Please return each entry that follows exactly as written, and keep the pictures out.

Collection entries
━━━━━━━━
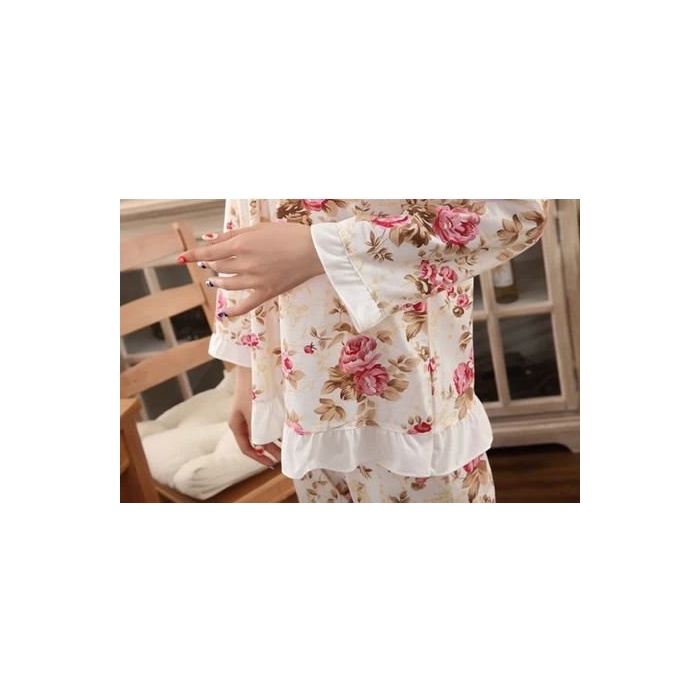 꽃무늬 프릴 의 귀여운 파자마 박수 긴 소매 상하 세트 (L)
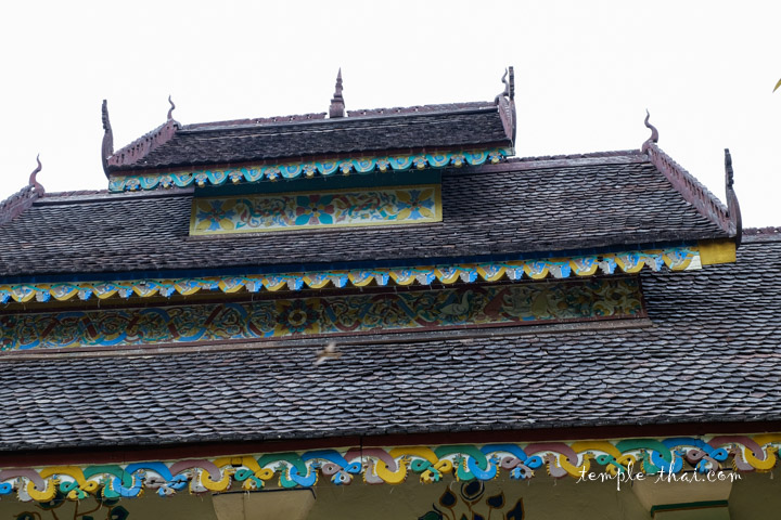 L’éclat de ses ornements, notamment la divinité Garuda sur le fronton, ou encore ses frises colorées sous les différents niveaux de la toiture, suggèrent que ce Sim fut restauré dans les dernières années.
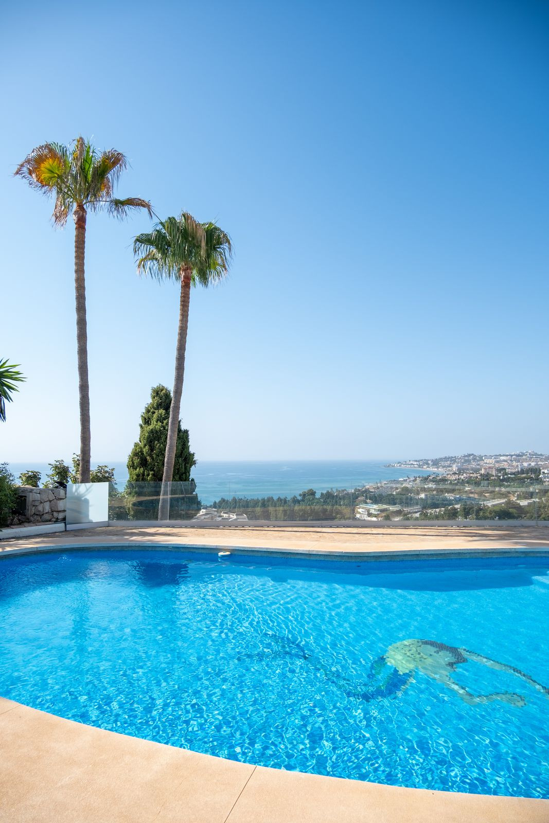 The plot offers beautifully landscaped gardens and has a large swimming pool next to a separate swim-up bar, sunny terraces and incredible views.
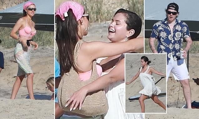 EXCLUSIVE: Throuple goals! Selena Gomez shares a warm hug with BFF Nicola Peltz during beach day with star’s husband Brooklyn Beckham in Mexico – as trio’s friendship goes from strength-to-strength
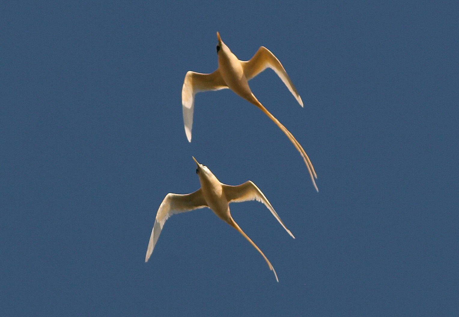 Christmas Island - July 2007 The Golden Bosunbirds are a golden-coloured subspecies of White-tailed Tropicbird that only occur on Christmas Island. This pair was indulging in a mirror display for several minutes. All of the pairs displaying at Flying Fish Cove were golden. The white White-tailed Tropicbird on the island were elsewhere. |
━━━━━━━━
The completed task:
 꽃무늬 프릴 의 귀여운 파자마 박수 긴 소매 상하 세트 (L)
 L’éclat de ses ornements, notamment la divinité Garuda sur le fronton, ou encore ses frises colorées sous les différents niveaux de la toiture, suggèrent que ce Sim fut restauré dans les dernières années.
 The plot offers beautifully landscaped gardens and has a large swimming pool next to a separate swim-up bar, sunny terraces and incredible views.
 EXCLUSIVE: Throuple goals! Selena Gomez shares a warm hug with BFF Nicola Peltz during beach day with star’s husband Brooklyn Beckham in Mexico – as trio’s friendship goes from strength-to-strength
 Christmas Island - July 2007 The Golden Bosunbirds are a golden-coloured subspecies of White-tailed Tropicbird that only occur on Christmas Island. This pair was indulging in a mirror display for several minutes. All of the pairs displaying at Flying Fish Cove were golden. The white White-tailed Tropicbird on the island were elsewhere. |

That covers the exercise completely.